Figure 1.08-2 shows age-standardised mortality rates from cancer (deaths per 100,000). Data is presented for Aboriginal and Torres Strait Islander peoples in NSW, Qld, WA, SA and NT from 1998 to 2012; and non-Indigenous Australians in NSW, Qld, WA, SA and NT from 1998 to 2012. In 2008–12, after adjusting for differing population age structures, Indigenous Australians were 1.3 times as likely to die from cancer as non-Indigenous Australians.

Source: ABS and AIHW analysis of ABS Mortality Database

Figure 1.08-3 Age-standardised incidence of bowel and lung cancer by state and territory and Indigenous status, NSW, Qld, WA and the NT, 2005–09
chart showing Age-standardised incidence of bowel and lung cancer

Figure 1.08-3 shows the age-standardised incidence of bowel and lung cancer among Aboriginal and Torres Strait Islander peoples and non-Indigenous Australians in 2005-2009 (rate per 100,000 population). Data is presented separately for bowel and lung cancer in NSW, Queensland, WA, NT, and the total of the 4 jurisdictions. Refer to the findings section of this measure for a description of key results found in this figure.

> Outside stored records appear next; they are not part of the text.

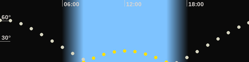 | Höchster Sonnenstand (Kulmination) | 12:03 Uhr (h = 16.3°) |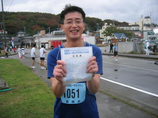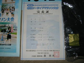 専務さんがゴールして完走証を持ってやってきました、自己記録更新です。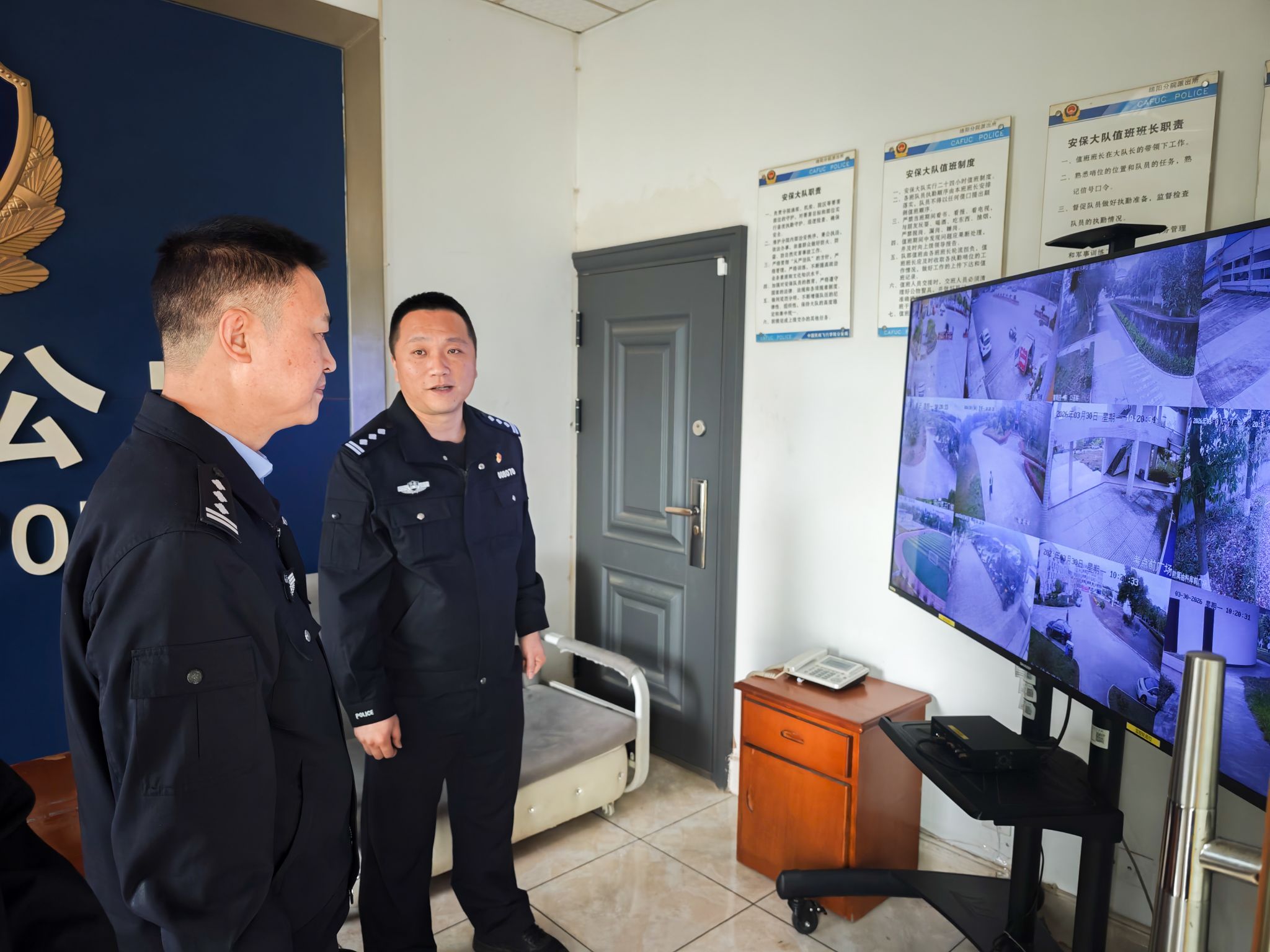 调研组实地检查了派出所值班备勤、警力配置及应急处置流程,并在监控室重点调阅了重点区域实时画面,强调要持续提升“人防+技防”协同效能。随后,张欲与分院副院长姚刚围绕“一院(队)一警”机制运行、空防管理、治安防控和消防安全等议题展开座谈,派出所所长、教导员分别向张欲汇报了业务和党建工作开展情况。会后,张欲对全所民警进行了谈心交流。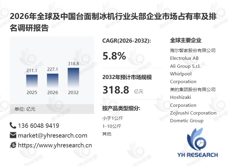 根据YH恒州诚思信息咨询调研统计,2025年全球台面制冰机市场规模约211.1亿元,预计未来将持续保持平稳增长的态势,到2032年市场规模将接近318.8亿元,未来六年CAGR为5.8%。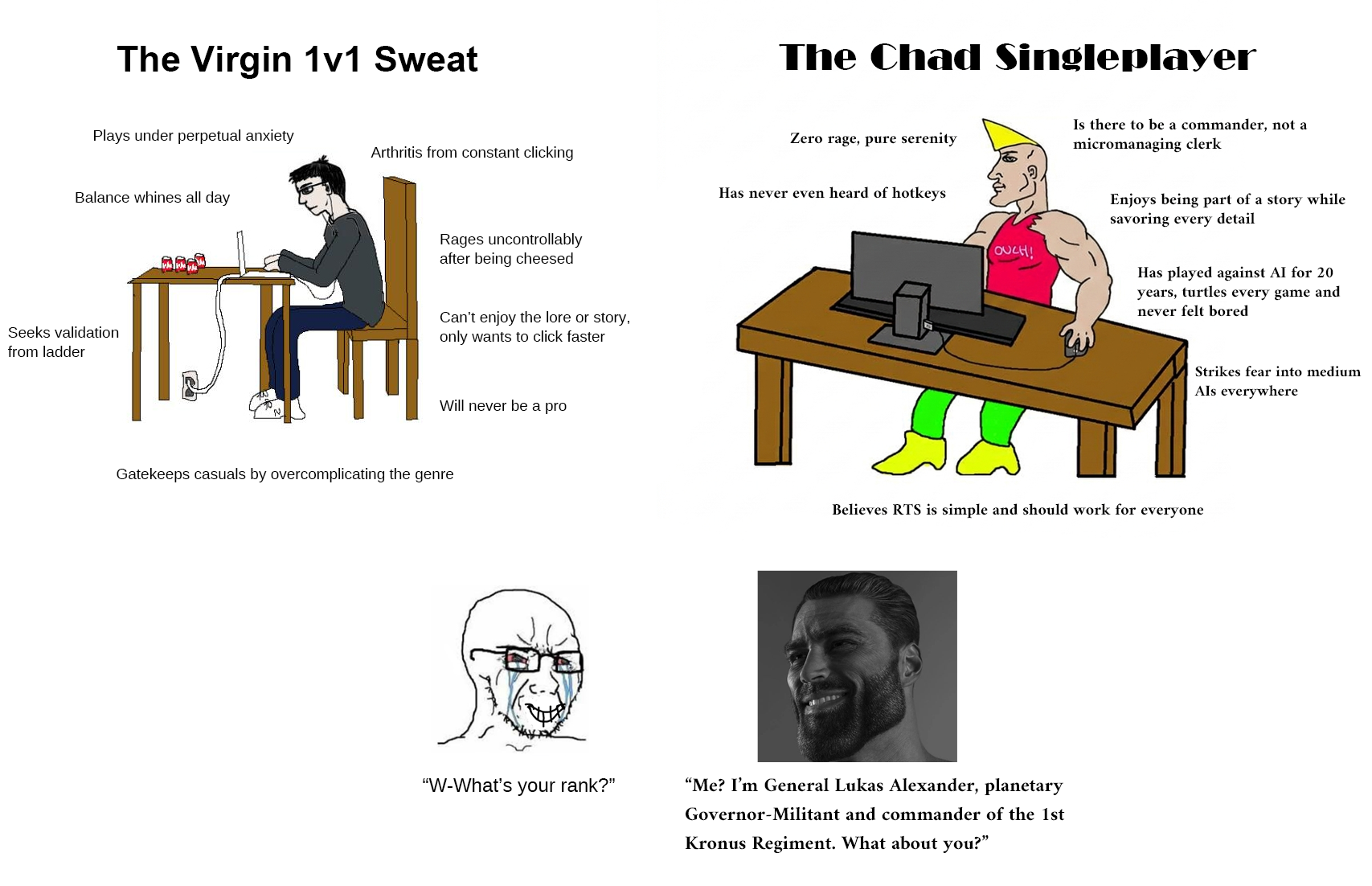 >>2365447All TAlikes have maximum IQ and testosterone. Maximum micro, maximum macro, maximum tactics, maximum strategy, maximum everything. Starcraft, warcraft and aoe are either only micro or only macro. They are pathetic compared to the Gods of RTS that do anything and everything simultaniously.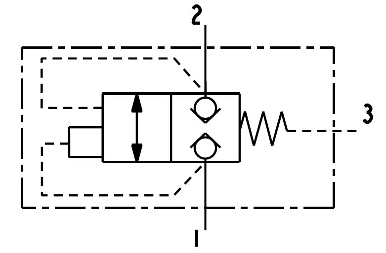 Vent-to-open, spring biased closed, with pilot source from port 2, unbalanced poppet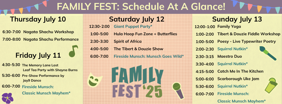 The 2025 Festival starts July 10 with audience favourite Nagata Shachu, bringing their heart-pounding performance and workshops of Taiko drumming and music. From July 11-13 we'll be hosting a special presentation of Fireside Munsch performed by M. John Kennedy and featuring the beloved stories of one of Canada's favourite authors. Over the weekend we'll be welcoming back returning Family Fest artists including The Grand Salto Theatre, Scarborough Uke Jam, Spirit of Africa, Tibert et Douzie, Poesy, and Hoop You and introducing new acts to the stage including Carousel Players, Maestro Duo, and Catch Me in the Kitchen.

Source: AIHW Australian Cancer Database 2010

Figure 1.08-4 Age-standardised incidence of breast and cervical cancer in females by state and territory and Indigenous status, NSW, Qld, WA and the NT, 2005–09
chart showing Age-standardised incidence of breast and cervical cancer

Figure 1.08-4 shows the age-standardised incidence of breast and cervical cancer among Aboriginal and Torres Strait Islander females and non-Indigenous Australian females in 2005-2009 (rate per 100,000 population). Data is presented separately for breast and cervical cancer in NSW, Queensland, WA, NT, and the total of the 4 jurisdictions. Refer to the findings section of this measure for a description of key results found in this figure.

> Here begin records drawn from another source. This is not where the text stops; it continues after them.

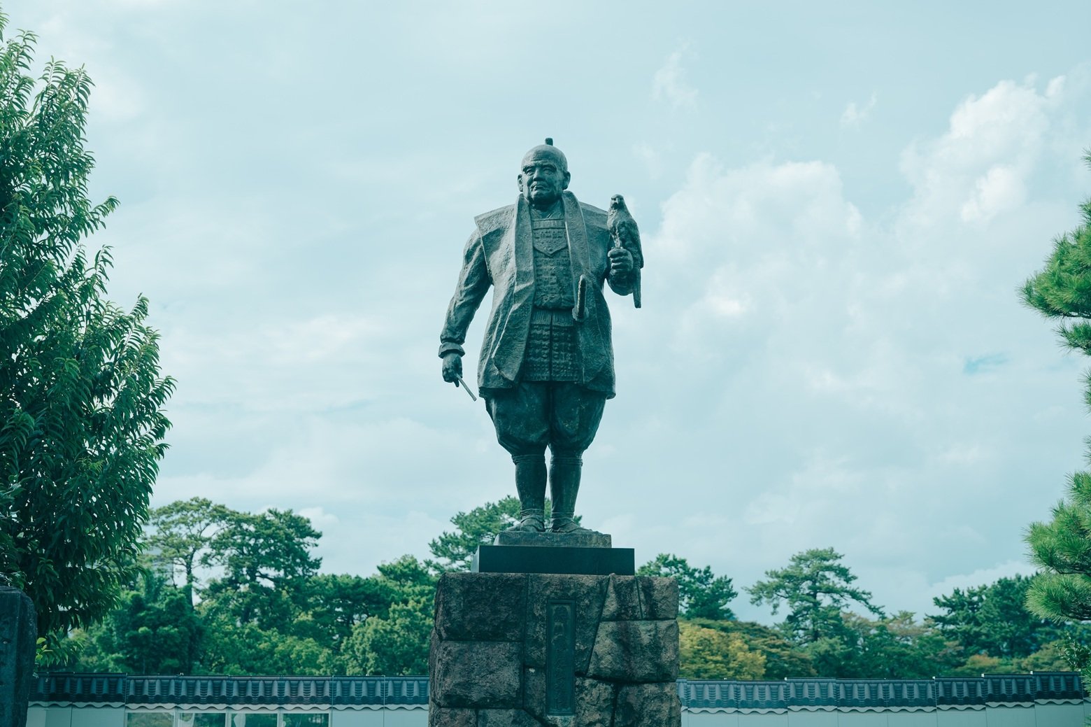 駿府城公園のなかを進むと、鷹を腕に乗せた徳川家康の銅像が立っていました。高さ6.5mとずいぶん大きく威厳があるその姿は晩年のもの。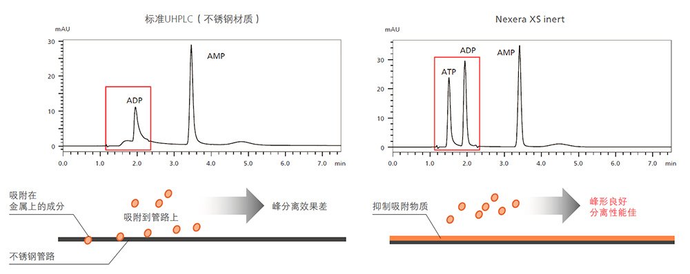 Nexera XS inert生物惰性系统使用岛津新开发技术,消除样品与内部金属表面的接触。从而抑制了样品流动通道内目标分子的吸附,确保了良好的峰形,并提供了出色的分离。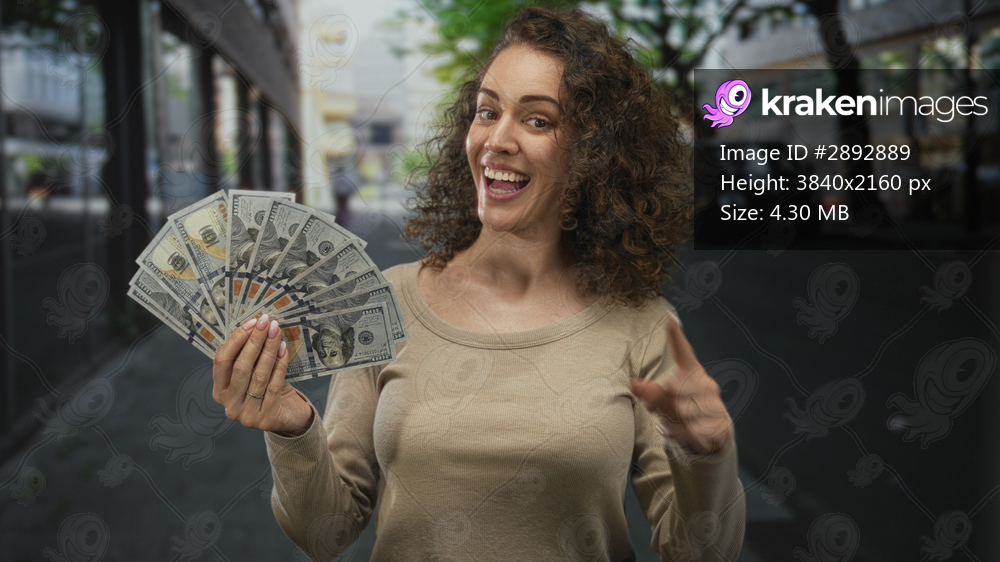 Young hispanic woman holding a fan of cash points finger to money on street while smiling; confidence.

Source: AIHW Australian Cancer Database 2010

Figure 1.08-5 Mean age at diagnosis, selected cancers by Indigenous status and sex, WA, Qld, NSW, and the NT, 1999–2007
chart showing Mean age at diagnosis, selected cancers

Figure 1.08-5 shows the mean age at diagnosis of selected types of cancer among Aboriginal and Torres Strait Islander peoples and non-Indigenous Australians. The mean age at diagnosis for males is presented for bowel, lung, and total cancers. The mean age at diagnosis for females is presented for bowel, lung, breast, cervical, and total cancers. Data is presented for WA, Queensland, NSW and NT in 1999-2007. Refer to the findings section of this measure for a description of key results found in this figure.

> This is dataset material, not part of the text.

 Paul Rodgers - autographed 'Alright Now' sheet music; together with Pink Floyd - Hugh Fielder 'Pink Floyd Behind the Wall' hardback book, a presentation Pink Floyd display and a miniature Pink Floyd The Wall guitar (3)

Source: AIHW Australian Cancer Database 2007

Figure 1.08-6 Five-year crude survival for selected cancers by Indigenous status and sex, WA, Qld, NSW and the NT, 1999–2007 followed to the end of 2010
chart showing Five-year crude survival for selected cancers

Figure 1.08-6 shows the five-year crude survival rate for selected types of cancer among Aboriginal and Torres Strait Islander peoples and non-Indigenous Australians. The five-year crude survival rate for males is presented for bowel, lung, and total cancers. The five-year crude survival rate for females is presented for bowel, lung, breast, cervical, and total cancers. Data is presented for WA, Queensland, NSW and NT in 1999-2007 followed to the end of 2010. Refer to the findings section of this measure for a description of key results found in this figure.